First we load the library and simulate some data:
library(mgcv)
set.seed(1)
dat <- gamSim(eg = 1, n = 400, dist = "normal", scale = 2)
## Gu & Wahba 4 term additive model
The simulated in dat
contains the “truth” in the f
variables:
str(dat)
## 'data.frame': 400 obs. of 10 variables:
## $ y : num 3.3407 -0.0758 10.6832 8.7291 14.9911 ...
## $ x0: num 0.266 0.372 0.573 0.908 0.202 ...
## $ x1: num 0.659 0.185 0.954 0.898 0.944 ...

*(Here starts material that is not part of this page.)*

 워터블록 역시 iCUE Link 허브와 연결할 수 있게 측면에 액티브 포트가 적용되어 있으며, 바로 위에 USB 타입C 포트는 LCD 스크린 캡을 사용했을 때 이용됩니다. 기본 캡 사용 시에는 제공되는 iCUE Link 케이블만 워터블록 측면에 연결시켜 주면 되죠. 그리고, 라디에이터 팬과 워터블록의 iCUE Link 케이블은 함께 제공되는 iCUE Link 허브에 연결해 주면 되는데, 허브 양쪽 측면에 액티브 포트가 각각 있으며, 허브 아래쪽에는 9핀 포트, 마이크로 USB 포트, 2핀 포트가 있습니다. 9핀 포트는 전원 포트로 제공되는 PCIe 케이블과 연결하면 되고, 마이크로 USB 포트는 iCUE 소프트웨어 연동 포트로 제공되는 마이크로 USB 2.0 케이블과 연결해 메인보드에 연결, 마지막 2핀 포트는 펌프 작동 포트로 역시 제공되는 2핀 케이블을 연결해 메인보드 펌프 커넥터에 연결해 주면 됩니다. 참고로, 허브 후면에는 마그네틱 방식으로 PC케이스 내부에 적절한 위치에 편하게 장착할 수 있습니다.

## $ x2: num 0.8587 0.0344 0.971 0.7451 0.2733 ...
## $ x3: num 0.367 0.741 0.934 0.673 0.701 ...
## $ f : num 5.51 3.58 8.69 8.75 16.19 ...
## $ f0: num 1.481 1.841 1.948 0.569 1.184 ...

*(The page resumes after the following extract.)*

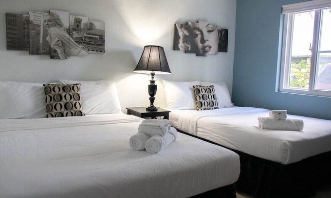 Discover our cozy 1 bedroom featuring two full-size beds, designed for a comfortable and refreshing stay. The clean and well-appointed space includes a kitchenette, complete with a mini fridge, electric kettle, plates, coffee cups, and utensils for your convenience.

## $ f1: num 3.74 1.45 6.74 6.02 6.6 ...
## $ f2: num 2.98e-01 2.88e-01 8.61e-05 2.16 8.40 ...
## $ f3: num 0 0 0 0 0 0 0 0 0 0 ...
fit_lm <- lm(f ~ f0 + f1 + f2 + f3, data = dat)
plot(dat$f, predict(fit_lm))
abline(0, 1)
And what can be used to demonstrate GAMs are available in the y
and x
variables:
fit_gam <- gam(y ~ s(x0) + s(x1) + s(x2) + s(x3), data = dat)

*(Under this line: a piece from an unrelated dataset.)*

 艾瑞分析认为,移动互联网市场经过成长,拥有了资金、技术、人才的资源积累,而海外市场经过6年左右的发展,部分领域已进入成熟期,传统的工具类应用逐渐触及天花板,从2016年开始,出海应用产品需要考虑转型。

The idea is to simulate parameter vectors, and using such a simulated parameter vector, we can draw observations. Doing this many times can be used to generate a prediction interval.
We first extract the parameter estimates and their covariance matrix:
beta <- coef(fit_gam)
V <- vcov(fit_gam)
We then to simulate a number of parameter vectors. This is done by assuming approximate normality and using the Cholesky trick. The trick is that \[ \hat{\beta} + L \nu \quad \dot \sim \quad \text{MultivariateNormal}(\beta, V) , \] where \(V = L L^\top\) is the Cholesky factorisation of the covariance matrix \(V\) and \(\nu \sim N(0, 1)\).
num_beta_vecs <- 10000
Cv <- chol(V)
set.seed(1)
nus <- rnorm(num_beta_vecs * length(beta))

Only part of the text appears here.